И смотрит. Иван слова молвить не может, язык камнем мертвым
отяжелел...
-- Сто лет здравствовать тебе, Иванко. Ни хворям, ни годам тебя не
одолеть...
-- Кто ты? -- не слушает Иван.
-- Веда.
-- Зачем лицо ее взяла?
Повела бровью. В глазах искорки блеснули, как солнце на самоцветных
гранях.
-- Чье?
-- Але... нино... -- но нет, нет больше Алены в этом чужом
лице... -- Так вот ты... Веда...
Приподняла она чуть руку, проговорила негромко:
-- Утишь сердце свое, Иванко. Злой холод в нем поднимается. Думаешь:
"Вот виновница всех бед! Вот к кому ушла Алена и не вернулась! Ежли б не
она!.." Только не я ведь сгубила Алену, а ожесточение человеческих сердец.

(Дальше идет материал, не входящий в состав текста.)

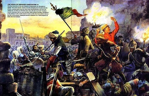 然而土耳其士兵从小门进入在墙头举旗高喊“城已破”,正在奋战的守军听到这句话,以为敌军已经攻入内城,瞬间无心作战防守,奥斯曼大帝涌入城内将守城士兵淹没,君士坦丁十一世看大势已去,决定殉国,而是用鲜血捍卫了基督最后的尊严,他脱下紫袍拔出宝剑,向着异教徒冲去,倒在了血泊之中,当天夜里土耳其人占领了君士坦丁堡全城。

Не оправдываться пришла я, Иван, а вернуть покой душе твоей.
-- Где Алена?!
Помедлив, протянула она к нему руку:
-- Идем. Сам увидишь. Держи мою руку, я укреплю тебя, не то
сорвешься.
-- "Куда идем? -- хотел спросить Иван, -- Как это -- сорвешься?" --
Но рука протянулась помимо воли его, и ее пальцы сомкнулись крепко. Иван
вздрогнул.
-- Иванко, верь мне, не опасайся. Готов идти со мной?
И снова хотел спросить Иван: "Куда?" Но только вытолкнул хрипло:
-- Готов... -- и будто ухнул в черный провал...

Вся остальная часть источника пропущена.